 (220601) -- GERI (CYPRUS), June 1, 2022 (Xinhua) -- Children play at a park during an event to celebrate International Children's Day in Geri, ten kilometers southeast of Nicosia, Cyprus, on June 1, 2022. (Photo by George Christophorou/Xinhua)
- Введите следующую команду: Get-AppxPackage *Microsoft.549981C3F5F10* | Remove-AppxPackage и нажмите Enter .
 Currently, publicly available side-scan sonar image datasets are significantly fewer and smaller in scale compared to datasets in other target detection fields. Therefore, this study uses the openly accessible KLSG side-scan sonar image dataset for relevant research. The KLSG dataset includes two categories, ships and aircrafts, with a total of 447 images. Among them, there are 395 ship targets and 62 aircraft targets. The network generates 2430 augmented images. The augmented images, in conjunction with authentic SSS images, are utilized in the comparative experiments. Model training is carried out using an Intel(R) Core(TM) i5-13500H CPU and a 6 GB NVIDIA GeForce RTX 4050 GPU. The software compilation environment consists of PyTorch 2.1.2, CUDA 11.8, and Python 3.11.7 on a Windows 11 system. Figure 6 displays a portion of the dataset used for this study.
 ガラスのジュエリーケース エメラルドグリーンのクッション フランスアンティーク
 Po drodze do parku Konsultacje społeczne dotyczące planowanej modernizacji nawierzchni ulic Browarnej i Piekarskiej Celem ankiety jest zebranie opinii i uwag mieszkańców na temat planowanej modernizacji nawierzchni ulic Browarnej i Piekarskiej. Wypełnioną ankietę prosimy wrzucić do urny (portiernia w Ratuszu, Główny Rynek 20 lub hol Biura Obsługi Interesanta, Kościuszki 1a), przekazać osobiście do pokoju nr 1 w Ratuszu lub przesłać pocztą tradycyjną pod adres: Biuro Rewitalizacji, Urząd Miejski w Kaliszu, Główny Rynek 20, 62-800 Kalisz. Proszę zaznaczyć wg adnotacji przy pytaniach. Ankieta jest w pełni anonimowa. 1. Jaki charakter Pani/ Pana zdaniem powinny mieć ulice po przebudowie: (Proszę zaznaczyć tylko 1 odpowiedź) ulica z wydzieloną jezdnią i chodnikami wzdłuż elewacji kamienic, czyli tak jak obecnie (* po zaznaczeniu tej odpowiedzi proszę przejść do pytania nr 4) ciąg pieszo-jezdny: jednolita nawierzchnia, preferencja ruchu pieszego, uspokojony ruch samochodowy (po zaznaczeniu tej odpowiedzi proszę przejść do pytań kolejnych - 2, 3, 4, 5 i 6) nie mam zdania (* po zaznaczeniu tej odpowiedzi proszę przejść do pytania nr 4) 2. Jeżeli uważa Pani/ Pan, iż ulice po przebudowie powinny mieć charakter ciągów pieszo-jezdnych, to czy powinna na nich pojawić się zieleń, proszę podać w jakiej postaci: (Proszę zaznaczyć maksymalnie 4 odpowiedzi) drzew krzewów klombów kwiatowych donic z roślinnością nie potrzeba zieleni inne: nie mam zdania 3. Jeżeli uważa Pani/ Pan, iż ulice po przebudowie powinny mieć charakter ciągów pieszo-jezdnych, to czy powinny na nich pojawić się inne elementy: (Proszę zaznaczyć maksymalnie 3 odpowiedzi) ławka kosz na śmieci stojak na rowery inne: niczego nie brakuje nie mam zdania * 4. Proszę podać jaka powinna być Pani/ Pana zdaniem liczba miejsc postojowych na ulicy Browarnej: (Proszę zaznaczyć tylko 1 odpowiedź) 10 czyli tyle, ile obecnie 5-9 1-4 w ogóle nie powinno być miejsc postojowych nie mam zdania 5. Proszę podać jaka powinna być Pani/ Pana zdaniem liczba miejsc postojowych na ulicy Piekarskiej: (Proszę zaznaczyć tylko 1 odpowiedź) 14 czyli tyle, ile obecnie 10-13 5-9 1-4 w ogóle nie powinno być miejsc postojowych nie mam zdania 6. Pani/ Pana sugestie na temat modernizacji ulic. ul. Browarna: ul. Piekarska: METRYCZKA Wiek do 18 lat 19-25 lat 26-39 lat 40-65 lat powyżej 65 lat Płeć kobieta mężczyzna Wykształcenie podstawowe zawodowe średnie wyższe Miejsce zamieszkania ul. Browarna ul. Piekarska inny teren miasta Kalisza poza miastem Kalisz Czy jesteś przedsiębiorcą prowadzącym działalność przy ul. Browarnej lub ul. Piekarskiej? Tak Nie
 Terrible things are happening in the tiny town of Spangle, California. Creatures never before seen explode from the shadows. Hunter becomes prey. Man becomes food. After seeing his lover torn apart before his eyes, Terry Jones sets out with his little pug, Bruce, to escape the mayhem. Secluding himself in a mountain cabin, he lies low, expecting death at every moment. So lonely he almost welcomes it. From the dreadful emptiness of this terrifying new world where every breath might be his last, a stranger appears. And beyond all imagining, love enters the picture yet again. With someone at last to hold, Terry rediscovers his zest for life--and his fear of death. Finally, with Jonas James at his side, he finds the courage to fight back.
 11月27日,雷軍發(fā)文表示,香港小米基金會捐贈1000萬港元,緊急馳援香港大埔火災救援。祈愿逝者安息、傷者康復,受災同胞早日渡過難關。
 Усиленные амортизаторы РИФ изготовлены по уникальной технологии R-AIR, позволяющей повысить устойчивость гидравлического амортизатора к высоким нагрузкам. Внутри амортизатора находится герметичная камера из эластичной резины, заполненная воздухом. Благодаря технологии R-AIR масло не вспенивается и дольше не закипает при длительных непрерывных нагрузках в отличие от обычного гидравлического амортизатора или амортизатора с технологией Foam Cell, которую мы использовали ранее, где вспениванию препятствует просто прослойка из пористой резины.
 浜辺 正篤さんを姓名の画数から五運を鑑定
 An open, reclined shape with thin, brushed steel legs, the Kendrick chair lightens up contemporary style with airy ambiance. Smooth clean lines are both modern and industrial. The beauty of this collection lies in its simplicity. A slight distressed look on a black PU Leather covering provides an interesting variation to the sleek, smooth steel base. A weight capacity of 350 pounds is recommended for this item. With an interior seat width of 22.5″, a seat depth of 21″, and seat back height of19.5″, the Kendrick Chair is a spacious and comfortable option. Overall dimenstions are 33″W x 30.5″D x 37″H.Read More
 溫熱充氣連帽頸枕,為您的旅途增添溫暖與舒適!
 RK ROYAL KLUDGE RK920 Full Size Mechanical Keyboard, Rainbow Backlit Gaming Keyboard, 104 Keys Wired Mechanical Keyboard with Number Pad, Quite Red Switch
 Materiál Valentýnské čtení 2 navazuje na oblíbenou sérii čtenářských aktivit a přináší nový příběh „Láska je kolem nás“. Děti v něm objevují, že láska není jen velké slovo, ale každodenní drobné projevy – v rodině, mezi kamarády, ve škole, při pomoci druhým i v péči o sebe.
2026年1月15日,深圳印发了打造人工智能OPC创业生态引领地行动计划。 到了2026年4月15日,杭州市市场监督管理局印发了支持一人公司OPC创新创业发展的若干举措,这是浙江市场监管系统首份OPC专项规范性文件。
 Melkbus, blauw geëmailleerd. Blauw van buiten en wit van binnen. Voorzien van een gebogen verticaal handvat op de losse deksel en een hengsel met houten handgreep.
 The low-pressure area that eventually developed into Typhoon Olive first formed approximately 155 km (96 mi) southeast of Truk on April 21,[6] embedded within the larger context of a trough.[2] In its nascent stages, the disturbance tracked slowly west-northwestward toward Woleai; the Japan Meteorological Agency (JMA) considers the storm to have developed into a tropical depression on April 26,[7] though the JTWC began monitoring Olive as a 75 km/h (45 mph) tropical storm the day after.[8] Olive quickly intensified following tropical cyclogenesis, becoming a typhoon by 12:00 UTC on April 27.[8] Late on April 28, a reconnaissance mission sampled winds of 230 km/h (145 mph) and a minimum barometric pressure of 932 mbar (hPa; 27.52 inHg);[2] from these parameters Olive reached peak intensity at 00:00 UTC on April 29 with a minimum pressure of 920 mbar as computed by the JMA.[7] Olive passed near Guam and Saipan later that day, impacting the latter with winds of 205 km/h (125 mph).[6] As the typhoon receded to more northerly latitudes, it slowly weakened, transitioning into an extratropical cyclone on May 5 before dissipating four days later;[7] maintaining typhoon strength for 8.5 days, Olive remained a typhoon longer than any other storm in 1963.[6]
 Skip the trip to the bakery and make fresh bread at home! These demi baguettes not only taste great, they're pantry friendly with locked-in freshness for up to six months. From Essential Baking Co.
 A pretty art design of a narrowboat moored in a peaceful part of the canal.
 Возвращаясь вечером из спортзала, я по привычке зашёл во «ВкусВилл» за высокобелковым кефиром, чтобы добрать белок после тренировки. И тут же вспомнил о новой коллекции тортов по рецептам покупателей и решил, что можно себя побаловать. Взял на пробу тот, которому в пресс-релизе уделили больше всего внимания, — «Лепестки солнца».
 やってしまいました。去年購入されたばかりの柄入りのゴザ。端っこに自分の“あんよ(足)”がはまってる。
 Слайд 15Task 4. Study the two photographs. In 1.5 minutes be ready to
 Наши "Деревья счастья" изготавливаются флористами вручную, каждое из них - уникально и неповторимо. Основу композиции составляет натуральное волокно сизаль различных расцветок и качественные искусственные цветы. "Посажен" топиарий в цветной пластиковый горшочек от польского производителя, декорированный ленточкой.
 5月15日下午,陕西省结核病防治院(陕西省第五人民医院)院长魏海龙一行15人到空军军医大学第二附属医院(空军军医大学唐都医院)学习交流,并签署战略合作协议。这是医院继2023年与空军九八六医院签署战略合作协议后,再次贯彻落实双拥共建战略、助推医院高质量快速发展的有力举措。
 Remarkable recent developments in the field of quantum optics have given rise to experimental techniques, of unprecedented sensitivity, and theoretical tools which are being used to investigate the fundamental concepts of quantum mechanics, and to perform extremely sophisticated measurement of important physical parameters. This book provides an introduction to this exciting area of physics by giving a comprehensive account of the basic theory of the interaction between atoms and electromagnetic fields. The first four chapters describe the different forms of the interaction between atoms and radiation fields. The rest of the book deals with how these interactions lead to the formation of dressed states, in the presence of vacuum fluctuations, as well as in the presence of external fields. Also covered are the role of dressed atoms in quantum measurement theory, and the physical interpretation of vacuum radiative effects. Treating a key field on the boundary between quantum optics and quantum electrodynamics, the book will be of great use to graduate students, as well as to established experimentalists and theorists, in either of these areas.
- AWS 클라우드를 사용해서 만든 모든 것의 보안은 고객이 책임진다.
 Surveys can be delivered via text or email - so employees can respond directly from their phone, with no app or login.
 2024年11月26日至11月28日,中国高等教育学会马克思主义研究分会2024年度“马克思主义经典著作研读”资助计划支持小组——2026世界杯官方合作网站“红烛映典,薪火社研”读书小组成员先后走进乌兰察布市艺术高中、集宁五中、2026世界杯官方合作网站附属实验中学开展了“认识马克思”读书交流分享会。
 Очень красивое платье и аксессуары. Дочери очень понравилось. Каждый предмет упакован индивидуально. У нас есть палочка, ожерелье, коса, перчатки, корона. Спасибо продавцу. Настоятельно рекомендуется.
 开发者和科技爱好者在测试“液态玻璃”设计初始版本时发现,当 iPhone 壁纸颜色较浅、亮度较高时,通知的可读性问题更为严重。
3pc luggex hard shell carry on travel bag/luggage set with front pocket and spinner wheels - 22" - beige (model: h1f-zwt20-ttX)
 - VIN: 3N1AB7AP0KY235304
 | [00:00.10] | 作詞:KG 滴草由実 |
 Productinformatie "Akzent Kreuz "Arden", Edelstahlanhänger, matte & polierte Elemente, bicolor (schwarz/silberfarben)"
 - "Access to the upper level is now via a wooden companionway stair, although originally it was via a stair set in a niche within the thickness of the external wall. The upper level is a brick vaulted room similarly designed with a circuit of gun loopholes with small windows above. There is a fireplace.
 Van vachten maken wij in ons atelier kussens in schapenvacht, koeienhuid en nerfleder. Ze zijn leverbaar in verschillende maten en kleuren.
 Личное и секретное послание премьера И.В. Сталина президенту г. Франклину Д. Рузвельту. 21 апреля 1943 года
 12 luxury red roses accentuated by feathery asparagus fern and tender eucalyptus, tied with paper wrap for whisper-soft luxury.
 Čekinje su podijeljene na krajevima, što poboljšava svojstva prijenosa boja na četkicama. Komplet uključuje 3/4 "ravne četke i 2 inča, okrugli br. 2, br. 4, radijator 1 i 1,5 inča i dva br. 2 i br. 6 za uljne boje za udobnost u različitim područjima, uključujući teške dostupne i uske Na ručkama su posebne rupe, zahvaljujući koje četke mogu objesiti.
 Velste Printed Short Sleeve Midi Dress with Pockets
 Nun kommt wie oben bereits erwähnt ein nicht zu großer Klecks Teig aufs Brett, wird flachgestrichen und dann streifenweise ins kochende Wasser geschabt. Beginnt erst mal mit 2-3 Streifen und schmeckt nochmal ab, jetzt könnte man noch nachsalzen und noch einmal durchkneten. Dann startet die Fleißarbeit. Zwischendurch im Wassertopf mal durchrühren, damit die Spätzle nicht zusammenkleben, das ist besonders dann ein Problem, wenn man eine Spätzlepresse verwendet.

──────────

Write out exactly the lines that fall from the line with "Čekinje su podijeljene" to the line with "Velste Printed Short" in the records above, keeping both ends.

 Čekinje su podijeljene na krajevima, što poboljšava svojstva prijenosa boja na četkicama. Komplet uključuje 3/4 "ravne četke i 2 inča, okrugli br. 2, br. 4, radijator 1 i 1,5 inča i dva br. 2 i br. 6 za uljne boje za udobnost u različitim područjima, uključujući teške dostupne i uske Na ručkama su posebne rupe, zahvaljujući koje četke mogu objesiti.
 Velste Printed Short Sleeve Midi Dress with Pockets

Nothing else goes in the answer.